_TASK INSTRUCTIONS_. Please copy every record below exactly, leaving out the pictures.

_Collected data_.

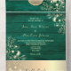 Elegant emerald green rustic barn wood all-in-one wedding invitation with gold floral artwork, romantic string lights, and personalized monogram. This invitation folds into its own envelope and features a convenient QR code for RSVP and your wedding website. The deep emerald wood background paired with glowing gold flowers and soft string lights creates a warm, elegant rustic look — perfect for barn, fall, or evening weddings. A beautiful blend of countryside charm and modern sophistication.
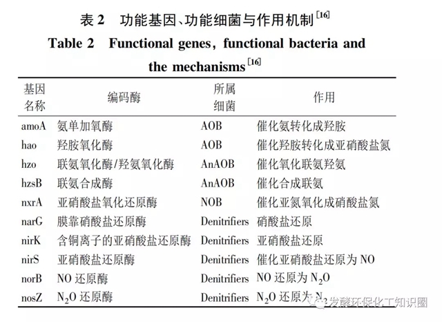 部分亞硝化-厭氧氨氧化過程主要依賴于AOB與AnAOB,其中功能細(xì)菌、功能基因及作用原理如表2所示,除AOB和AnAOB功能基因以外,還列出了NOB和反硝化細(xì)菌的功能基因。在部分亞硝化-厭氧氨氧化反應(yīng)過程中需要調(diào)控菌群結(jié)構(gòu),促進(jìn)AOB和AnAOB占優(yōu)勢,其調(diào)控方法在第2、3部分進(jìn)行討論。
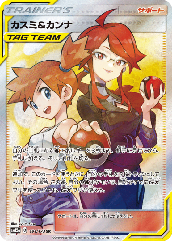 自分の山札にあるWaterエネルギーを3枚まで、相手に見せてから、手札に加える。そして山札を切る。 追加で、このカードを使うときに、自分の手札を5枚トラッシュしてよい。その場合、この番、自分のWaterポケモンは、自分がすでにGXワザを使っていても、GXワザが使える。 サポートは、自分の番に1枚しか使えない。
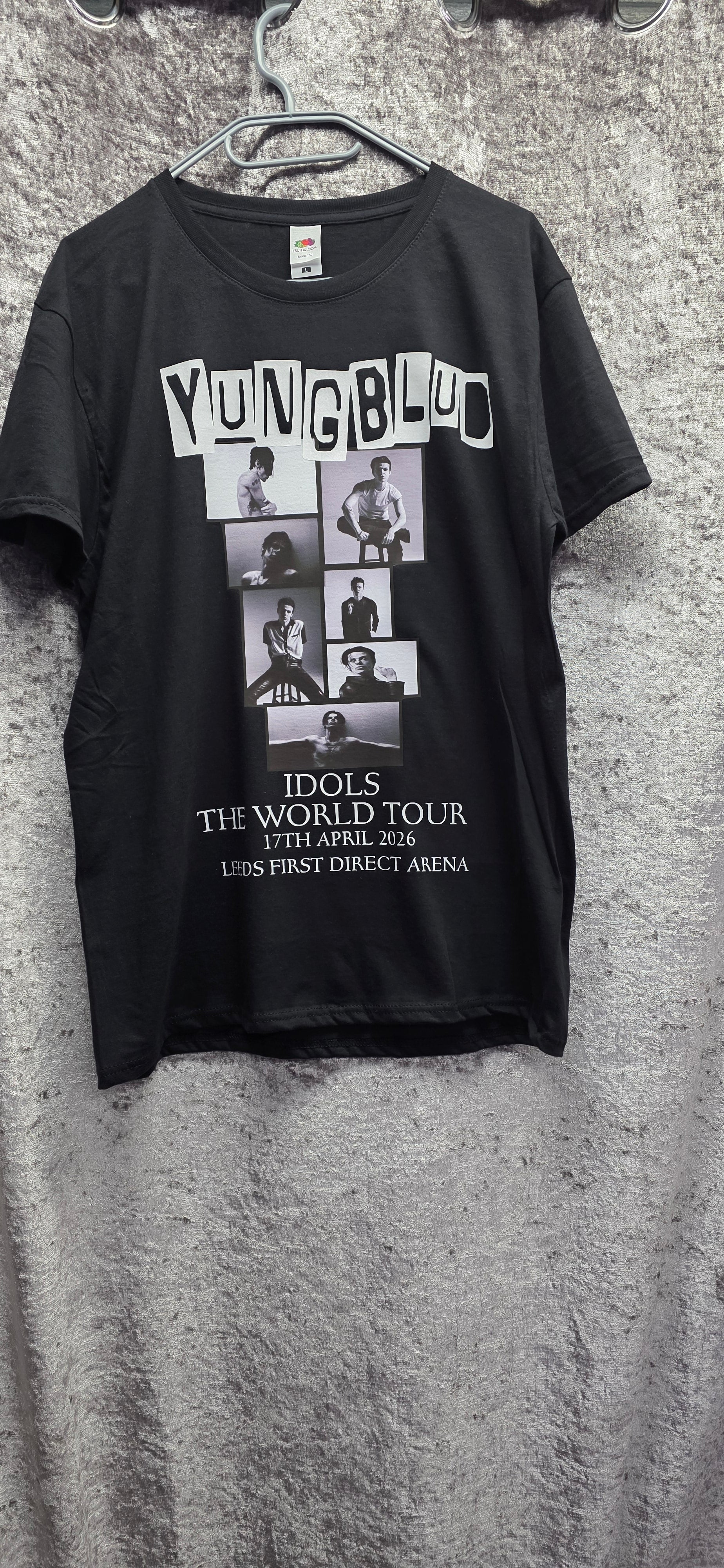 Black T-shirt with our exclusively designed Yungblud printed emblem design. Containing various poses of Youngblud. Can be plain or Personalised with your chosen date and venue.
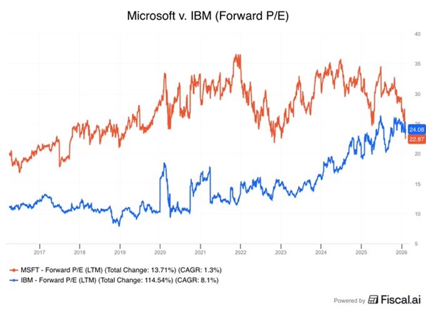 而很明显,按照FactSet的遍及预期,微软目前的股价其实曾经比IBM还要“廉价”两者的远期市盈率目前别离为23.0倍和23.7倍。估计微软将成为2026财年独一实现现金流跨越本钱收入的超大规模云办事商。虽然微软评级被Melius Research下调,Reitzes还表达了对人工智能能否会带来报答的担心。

_RESPONSE TO THE TASK_.
 Elegant emerald green rustic barn wood all-in-one wedding invitation with gold floral artwork, romantic string lights, and personalized monogram. This invitation folds into its own envelope and features a convenient QR code for RSVP and your wedding website. The deep emerald wood background paired with glowing gold flowers and soft string lights creates a warm, elegant rustic look — perfect for barn, fall, or evening weddings. A beautiful blend of countryside charm and modern sophistication.
 部分亞硝化-厭氧氨氧化過程主要依賴于AOB與AnAOB,其中功能細(xì)菌、功能基因及作用原理如表2所示,除AOB和AnAOB功能基因以外,還列出了NOB和反硝化細(xì)菌的功能基因。在部分亞硝化-厭氧氨氧化反應(yīng)過程中需要調(diào)控菌群結(jié)構(gòu),促進(jìn)AOB和AnAOB占優(yōu)勢,其調(diào)控方法在第2、3部分進(jìn)行討論。
 自分の山札にあるWaterエネルギーを3枚まで、相手に見せてから、手札に加える。そして山札を切る。 追加で、このカードを使うときに、自分の手札を5枚トラッシュしてよい。その場合、この番、自分のWaterポケモンは、自分がすでにGXワザを使っていても、GXワザが使える。 サポートは、自分の番に1枚しか使えない。
 Black T-shirt with our exclusively designed Yungblud printed emblem design. Containing various poses of Youngblud. Can be plain or Personalised with your chosen date and venue.
 而很明显,按照FactSet的遍及预期,微软目前的股价其实曾经比IBM还要“廉价”两者的远期市盈率目前别离为23.0倍和23.7倍。估计微软将成为2026财年独一实现现金流跨越本钱收入的超大规模云办事商。虽然微软评级被Melius Research下调,Reitzes还表达了对人工智能能否会带来报答的担心。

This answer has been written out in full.